An alternative news service for American farmers
http://www.cropchoice.com
8/23/02
Roundup-resistant weeds add to Monsanto's quotient of woe
by Robert Schubert
CropChoice editor

(Aug. 23, 2002 -- CropChoice commentary) -- Astoundingly, Monsanto continues to say that it's marketing herbicide-resistant crops to help farmers and the environment.  But reality, including a Tennessee weed problem, puts the lie to that.

By way of review, Monsanto claims that its Roundup Ready soybeans, corn, cotton and canola -- genetically engineered to resist the Roundup weed killer -- are good because farmers can spray just Roundup to kill weeds without hurting the crops.  The end result is less herbicide usage and a greener world.

If only it was true.

Consider:

Monsanto executives in July chalked up a portion of the company's financial woes -- the stock had hit a 52-week low of about $13 a share, and still hasn't much recovered following its spin-off from parent Pharmacia Corp. -- to lackluster Roundup sales in the spring.

Michael Doane, a Monsanto executive, said in a speech last year that the company's cornerstone is not biotechnology.  It's the sale of Roundup. The idea is for farmers to use lots of glyphosate (active ingredient in the herbicide) over lots of acreage.
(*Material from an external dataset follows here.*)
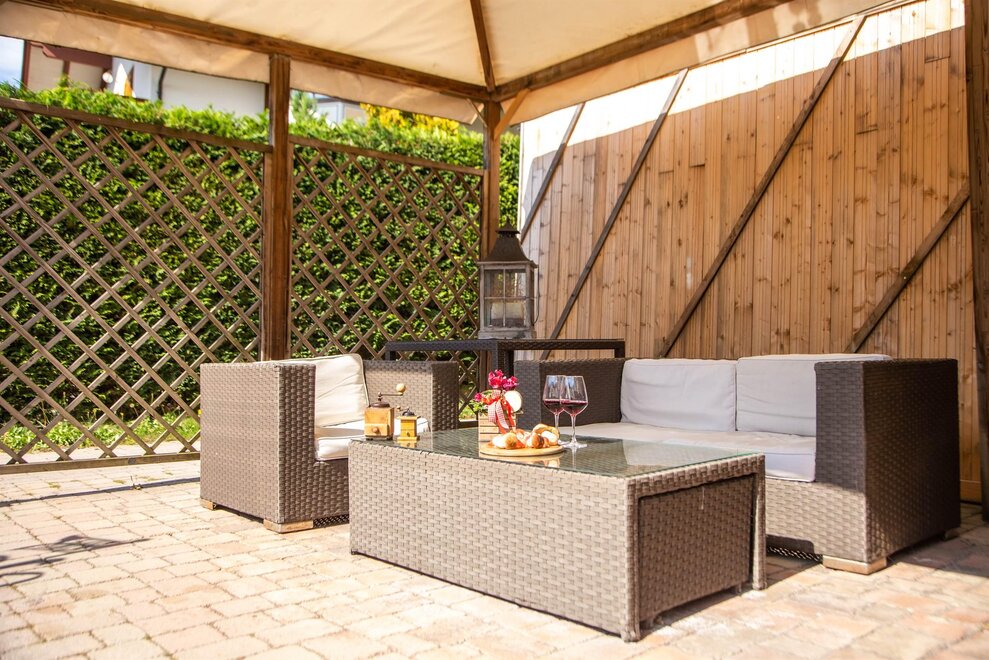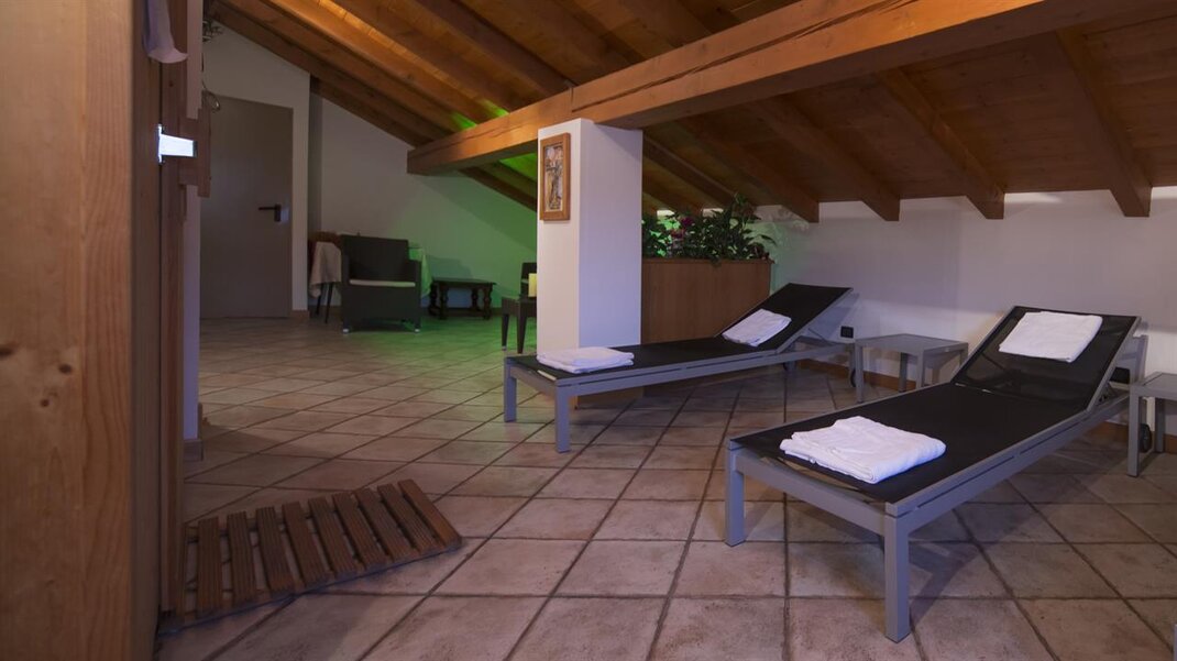 Terrazza solarium, spazio esterno con tavolini e sedie, zona relax con sauna ed attrezzi per il fitness. Parcheggio e wi-fi gratuito.

See CropChoice story about this at http://www.cropchoice.com/leadstry.asp?recid=751.

Farmers are doing just that.  But there are consequences.

University of Tennessee scientists have documented marestail weed resistance to Roundup on hundreds of thousands of soybean and cotton acres in the state.  As farmers have planted more and more Roundup Ready varieties since 1996, they've been spraying more of the weed killer, not less.  This has contributed to weeds developing resistance to Roundup.
Reports by the Canadian Wheat Board
(http://www.cropchoice.com/leadstry.asp?recid=772) and Dr. Charles Benbrook (http://www.biotech-info.net/troubledtimes.html) document this.

Even Syngenta admits to the problem as it hawks an herbicide -- GramoxoneÆ MAX -- that it says will complement Roundup.  According to its website
(http://www.syngentacropprotection-us.com/prod/herbicide/gramoxonemax/weedcam/index.asp?BnBts=609_button):
"It's the Achilles heel of every herbicide. It's weed resistance. If you use an herbicide on a continuous basis, a weed population can build up resistance to that compound and no longer be the effective tool it once was.  Glyphosate herbicides are no exception to this rule of nature. And the conditions for resistance are right, given the compoundís fast-growing popularity as an over-the-top post-emergence herbicide in Roundup Ready crop systems... Glyphosate herbicides are being used frequently and on many acres... Weed resistance to glyphosate is more than theory. It's a real on-farm problem... we demonstrate marestail resistance to glyphosate herbicides and show how GramoxoneÆ MAX can not only control this weed but also provide the foundation for an overall resistance management strategy."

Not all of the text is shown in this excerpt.